TASK DETAILS: What is needed is an exact reproduction of the lines from the one that contains "vainilla, surtido |" through the end of the data, both included and nothing else, with pictures omitted.
====
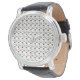 Front and back view of a wristwatch with a colorful patterned dial and black leather strap. The watch has a silver casing and a smooth, sleek design.
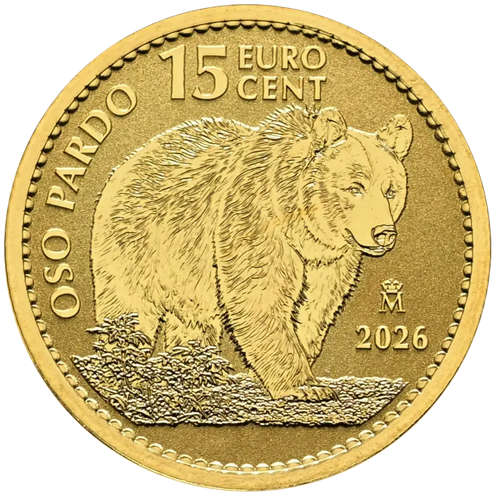 Испания: коллекционная золотая монета Бурый Медведь 2026, 3,11 г чистого золота (0,9999)
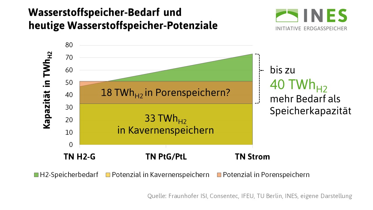 Technische Untersuchungen zeigen: Stellt man einen Gasspeicher von Erdgas auf Wasserstoff um, dann bleiben zunächst etwa 20 Prozent der energetischen Speicherfähigkeit erhalten. Damit könnten die gesamten aktuell in Deutschland installierten Gasspeicher mit einer Kapazität von etwa 255 Terawattstunden Erdgas nach Umstellung etwa 50 Terawattstunden Wasserstoff speichern. Allerdings muss davon ausgegangen werden, dass von den heutigen Porenspeichern mit etwa 90 Terawattstunden Kapazität voraussichtlich nur ein kleinerer Teil zur Speicherung von reinem Wasserstoff fähig sein wird.
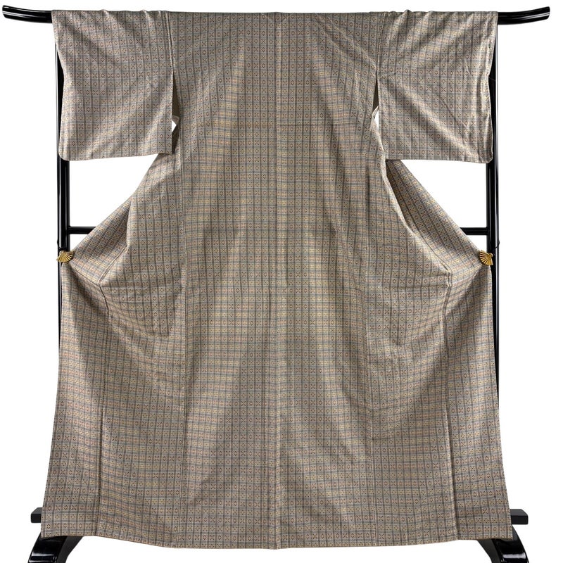普段着やおしゃれ着として人気の紬でございます。 元々は日常着として着用していたので、その土地の風土に合った様々な種類がある素敵な一品です。 身丈はこれ以上伸ばすことができません。 裄丈はこれ以上伸ばすことができません。 両袖口中と八掛裾にガロンテープを縫っております。 リユース品としては目立った染み傷なく、状態の良いお品でございます。 ※なお、厳しく商品の状態確認を行っておりますが、記載の汚れ以外にも見落とし箇所がある可能性がある旨ご了承いただけますと幸いです。 沢山の商品の中からご覧いただき誠にありがとうございます。 【PR2】
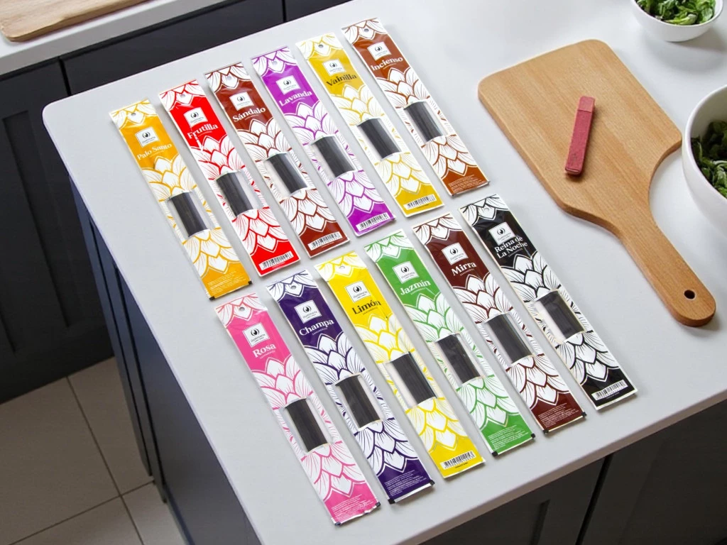| aromas | champa, frutilla, incienso, jazmin, lavanda, limon, mirra, palo santo, reina de la noche, rosa, sándalo, vainilla, surtido |
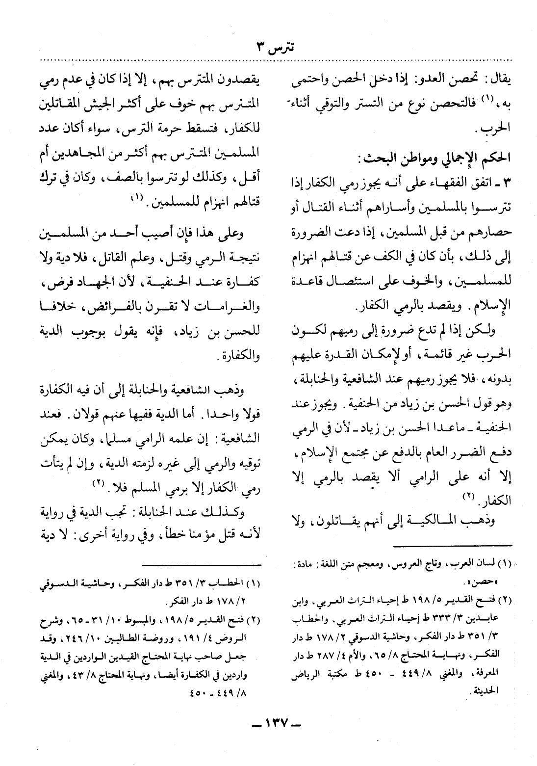 يَقْصِدُونَ الْمُتَتَرَّسَ بِهِمْ، إِلاَّ إِذَا كَانَ فِي عَدَمِ رَمْيِ الْمُتَتَرَّسِ بِهِمْ خَوْفٌ عَلَى أَكْثَرِ الْجَيْشِ الْمُقَاتِلِينَ لِلْكُفَّارِ، فَتَسْقُطُ حُرْمَةُ التُّرْسِ، سَوَاءٌ أَكَانَ عَدَدُ الْمُسْلِمِينَ الْمُتَتَرَّسِ بِهِمْ أَكْثَرَ مِنَ الْمُجَاهِدِينَ أَمْ أَقَل، وَكَذَلِكَ لَوْ تَتَرَّسُوا بِالصَّفِّ، وَكَانَ فِي تَرْكِ قِتَالِهِمُ انْهِزَامٌ لِلْمُسْلِمِينَ. (1)
====
WRITTEN SOLUTION:
| aromas | champa, frutilla, incienso, jazmin, lavanda, limon, mirra, palo santo, reina de la noche, rosa, sándalo, vainilla, surtido |
 يَقْصِدُونَ الْمُتَتَرَّسَ بِهِمْ، إِلاَّ إِذَا كَانَ فِي عَدَمِ رَمْيِ الْمُتَتَرَّسِ بِهِمْ خَوْفٌ عَلَى أَكْثَرِ الْجَيْشِ الْمُقَاتِلِينَ لِلْكُفَّارِ، فَتَسْقُطُ حُرْمَةُ التُّرْسِ، سَوَاءٌ أَكَانَ عَدَدُ الْمُسْلِمِينَ الْمُتَتَرَّسِ بِهِمْ أَكْثَرَ مِنَ الْمُجَاهِدِينَ أَمْ أَقَل، وَكَذَلِكَ لَوْ تَتَرَّسُوا بِالصَّفِّ، وَكَانَ فِي تَرْكِ قِتَالِهِمُ انْهِزَامٌ لِلْمُسْلِمِينَ. (1)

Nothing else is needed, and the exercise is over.